Les Arcelorettes, dans l’ombre des hauts-fourneaux

DelphineKremer-1-5Le bord du ring : c’est la place dévolue aux femmes d’Arcelor Mittal dans le duel entre les sidérurgistes de Florange et le champion de l’acier Mittal. Réduite à préparer le café et à essuyer les larmes des syndicalistes, Delphine Kremer, 33 ans,  aimerait aussi partager avec eux la médaille du mérite.

 

Ce soir de novembre, un épais brouillard baigne la ville de Fameck, non loin de Florange. Dans la salle Victor Hugo, les syndicalistes d’Arcelor-Mittal, en lutte depuis 18 mois pour sauver leur emploi, assistent à la projection d’un film consacré à leur combat. Les lumières se rallument, Edouard Martin, leur leader, prend place devant la toile, et égrène, la voix rauque : ” Antoine, Jafar, Luis… Descendez les copains !”. Pas un mot pour Sandra, Adèle… Salariées, épouses ou soutien, les compagnes de vie et de lutte n’auront pas droit aux projecteurs. Dans le fond de la salle, Delphine, une petite brune, bouillonne : “Rien pour les copines. Nous avons le même engagement, mais pas la même reconnaissance. Nous, on ne peut pas renverser des wagons de coke. Sur les piquets, on fait le café. Quand les journalistes viennent voir “les Florange”, ils nous ignorent, et foncent pour serrer la main aux hommes.” Mais ce soir, l’Arcelorette engueule le porte-parole. Edouard répond : “Tu aurais dû me le dire!”. La syndicaliste s’emporte : “Mais c’était à lui d’y penser tout seul”. Elle est une des premières à s’être levée contre la fermeture des derniers hauts-fourneaux de la vallée de la Fensch. Au début de la lutte, Delphine était même la seule femme de la CGT. Une des rares à fraterniser avec l’autre crèmerie : les “copains” de la CFDT.

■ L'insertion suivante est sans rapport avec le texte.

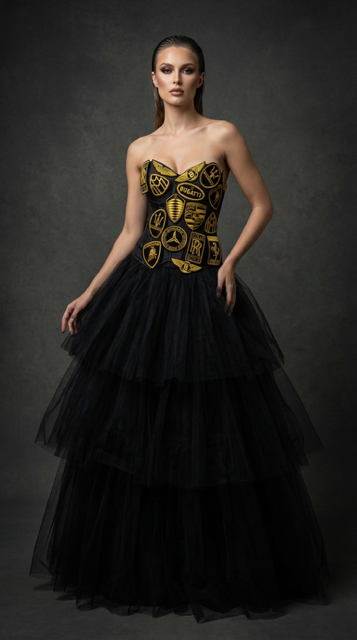 This one-of-a-kind haute couture masterpiece fuses meticulous hand embroidery with iconic supercar symbolism, reimagined through a sculptural bustier and an ethereal tulle skirt. Precision, power, and refined artistry converge to transform automotive prestige into wearable art. Each detail is crafted by hand, ensuring a creation that is as rare as it is uncompromising.
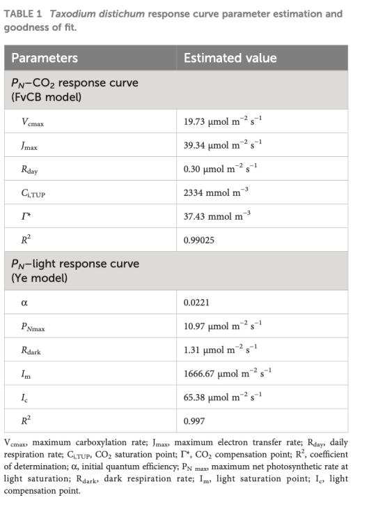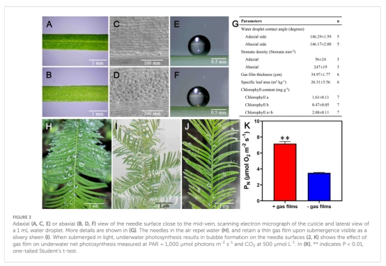 研究探討了耐洪樹種落羽杉(Taxodium distichum)在水下光合作用的響應機制。通過30天的完全淹沒實驗,測量了其水下凈光合速率(PN)、針葉疏水性、氣膜厚度、葉綠素濃度及解剖結構變化,并構建了水下PN對CO2、光照和溫度的響應曲線。研究發現,盡管氣膜厚度和葉綠素濃度隨淹沒時間顯著下降導致PN降低,但即使淹沒30天后仍保留部分光合能力。氣膜的保留(初始厚度35μm)可提升2倍光合速率,但長期淹沒導致氣膜消失,同時針葉柵欄組織降解。
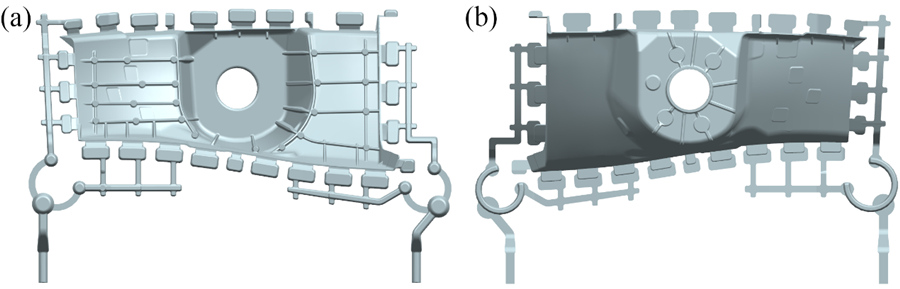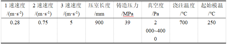 (a)減震塔正面 (b)減震塔反面 采用力勁DCC2500壓鑄機(jī),工藝參數(shù)見(jiàn)表 2。其中1速和2速屬于低速階段,3速屬于高速階段,3速起點(diǎn)即是沖頭高低速切換的位置。本試驗(yàn)設(shè)定了3個(gè)高低速切換位置,分別為560 mm、580 mm和600 mm,制備了相應(yīng)的鑄件并對(duì)壓鑄過(guò)程進(jìn)行模擬。模擬使用EKKCapcast軟件,考慮計(jì)算的精度和求解效率,采用密網(wǎng)格進(jìn)行劃分,減震塔和壓室的網(wǎng)格總數(shù)為2 310 053。

L’amour devant la cheminée

Notamment avec celui qui, ce soir, fait l’objet de son courroux : Edouard Martin. “La première fois que je l’ai vu, je l’ai trouvé grande gueule, mais charmant. Il m’a proposé de prendre un café. Il pensait m’emmener à la machine, je l’ai amené dans un bar à Thionville”. Une idylle nait. Alors que la flamme de leur amour grandit, la fumée des hauts-fourneaux est étouffée par Lakshmi Mittal. Fin 2011, l’inquiétude assaille les sidérurgistes lorsque le géant de l’acier éteint les deux cheminées de Florange. Les syndicats mobilisent : “Il fallait être sur le pont à 5 heures”, se souvient Delphine. Mais Edouard est inquiet : sa dulcinée est enceinte. Lorsqu’il lui demande de venir à 9 heures, la frondeuse le défie : “Je serai là à 5 heures”. La déléguée syndicale se donne à 100 %, mais en mars, la sentence du médecin tombe : l’activiste doit rester au repos jusqu’à son accouchement. Delphine se trouve vite une autre utilité : “En restant devant la télé, j’avais des informations que les gars n’avaient pas. On échangeait sur Facebook entre femmes de sidérurgistes”.

  “Ceux qui ne sont pas investis, on les vire”

C’est par ce biais que Delphine va découvrir le prix de son “absence”. Membre du collectif jeune de la CGT, celle qui était la chouchoute du syndicat apprend son éviction sur le réseau social. “Ils ont voté pour m’exclure du collectif, comme au tribunal. Sauf qu’au tribunal, les accusés sont là pour se défendre”. On lui rapporte les propos de ses anciens camarades :” Ceux qui ne sont pas investis, on les vire'”. Pour Delphine le prétexte de la purge est fallacieux. En tombant amoureuse du leader de la CFDT, elle avait pactisé avec le syndicat ennemi, était devenue la “femme de”. Ecoeurée, elle démissionne de la CGT pour rejoindre l’organisation de son homme. Et pendant que Delphine nous fait la causette dans les locaux syndicaux, Edouard Martin, “le working class hero”, change les couches de Pauline, quatre mois. Pour une fois, Delphine a droit aux projecteurs.